Leverage product management for AI-driven insights in evolving data landscape.
Utilize data mesh strategy for domain-centric and cross-business process analytics.
Develop domain-specific language models for accurate data science projects.
Deep dives
Dataception's Mission: Customer-Facing Analytics with Speed and Iteration
Dataception, founded by John Cook after stints at Databricks and PwC, focuses on bridging business and technology through rapid, iterative creation of customer-facing analytics. The core mission is delivering custom analytics to businesses quickly, emphasizing on data products and iterative development. The goal is to provide low-friction insights that avoid prolonged project timelines and multimillion-pound costs.
Defining Data Products: Crossing Business and Analytical Domains
John Cook discusses how data products are about catering to cross-domain use cases, blending business process elements from multiple areas. He emphasizes the importance of understanding and delivering what the business truly requires, ensuring a transition from modeling mindset to end-to-end solution delivery. The focus lies on combining data sets from various business segments, crafting a holistic solution tailored to specific business needs.
Data Mesh Vision: Domain-Centricity and Governance Challenges
The discussion delves into the concept of data mesh as a strategy for fostering data sharing between domains within organizations. John Cook underscores the need for solutions that enable domain teams to build and deploy their components, emphasizing the domain-centric and cross-business process analytics approach. Governance emerges as a critical aspect to manage multiple sets of rules and policies, ensuring interoperability and efficient cross-domain insights.
The Importance of Domain-specific Language Models in Data Science
Developing smaller and more focused language models that are specific to certain domains can lead to increased accuracy and efficiency in data science projects. By moving away from large transformer-based models and utilizing smaller models tailored to individual tasks, organizations can achieve better results with less computational resources. These domain-specific models allow for a deeper understanding of complex business processes and data, enhancing accuracy and reducing training costs.
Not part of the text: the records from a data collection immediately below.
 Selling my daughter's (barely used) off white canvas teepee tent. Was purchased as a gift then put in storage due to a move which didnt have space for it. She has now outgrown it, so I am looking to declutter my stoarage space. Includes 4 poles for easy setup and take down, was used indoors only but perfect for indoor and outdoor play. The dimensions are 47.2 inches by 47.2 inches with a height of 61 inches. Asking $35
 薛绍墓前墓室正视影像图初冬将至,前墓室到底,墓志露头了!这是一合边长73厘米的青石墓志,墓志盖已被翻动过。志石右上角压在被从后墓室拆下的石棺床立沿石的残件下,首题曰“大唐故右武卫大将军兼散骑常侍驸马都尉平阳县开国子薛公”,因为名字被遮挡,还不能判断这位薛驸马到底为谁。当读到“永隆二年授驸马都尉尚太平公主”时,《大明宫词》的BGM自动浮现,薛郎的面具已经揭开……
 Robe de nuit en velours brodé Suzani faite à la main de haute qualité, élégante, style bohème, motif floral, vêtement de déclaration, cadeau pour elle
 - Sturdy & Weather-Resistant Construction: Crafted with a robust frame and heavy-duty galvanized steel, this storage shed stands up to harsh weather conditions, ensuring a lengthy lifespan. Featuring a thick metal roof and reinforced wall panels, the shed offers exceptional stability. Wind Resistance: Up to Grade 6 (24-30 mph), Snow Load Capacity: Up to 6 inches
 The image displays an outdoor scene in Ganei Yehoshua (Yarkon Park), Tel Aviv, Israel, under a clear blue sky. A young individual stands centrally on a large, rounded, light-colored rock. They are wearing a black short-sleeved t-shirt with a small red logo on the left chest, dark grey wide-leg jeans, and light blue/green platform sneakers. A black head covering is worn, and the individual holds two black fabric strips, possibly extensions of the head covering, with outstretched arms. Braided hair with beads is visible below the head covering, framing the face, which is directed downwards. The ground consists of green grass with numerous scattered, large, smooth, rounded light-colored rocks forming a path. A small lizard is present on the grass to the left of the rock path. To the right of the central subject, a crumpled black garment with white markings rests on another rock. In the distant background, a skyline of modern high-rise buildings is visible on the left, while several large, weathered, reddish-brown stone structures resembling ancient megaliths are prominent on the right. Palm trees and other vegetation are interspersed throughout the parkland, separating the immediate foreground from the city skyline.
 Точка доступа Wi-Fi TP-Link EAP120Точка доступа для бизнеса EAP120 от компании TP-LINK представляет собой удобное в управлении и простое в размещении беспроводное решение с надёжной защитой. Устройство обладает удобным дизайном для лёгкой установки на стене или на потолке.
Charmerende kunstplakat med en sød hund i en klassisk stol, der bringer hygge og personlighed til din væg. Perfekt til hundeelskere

Bridging the Gap Between Traditional Data Models and New AI Approaches
There is a growing need to bridge the gap between traditional relational data models and emerging AI-driven approaches like large language models (LLMs). Exploring ways to transition from rows and columns to more narrative-based data representations can enhance the capture of contextual information and improve the understanding of complex business processes. Embracing multi-dimensional thinking and adopting domain-specific, task-focused models can pave the way for more effective data analytics and insights in the evolving data landscape.
The explosion of LLMs and AI is causing a tectonic shift in the world of data and analytics, and on this episode of CDO Matters, Malcolm and Jon Cooke discuss how CDOs can leverage the discipline of product management to best capitalize on these massive changes.
From data products, to the data mesh, and beyond – Malcolm and Jon enjoy a lively discussion on the many evolving attributes that will increasingly define a world focused less on data (and datasets), and more on knowledge and business insights.
If you’re a CDO and you’re interested in learning more about how your operating model will necessarily need to shift over the coming years to adapt to a new AI-driven world of insights, then this episode is a must-listen.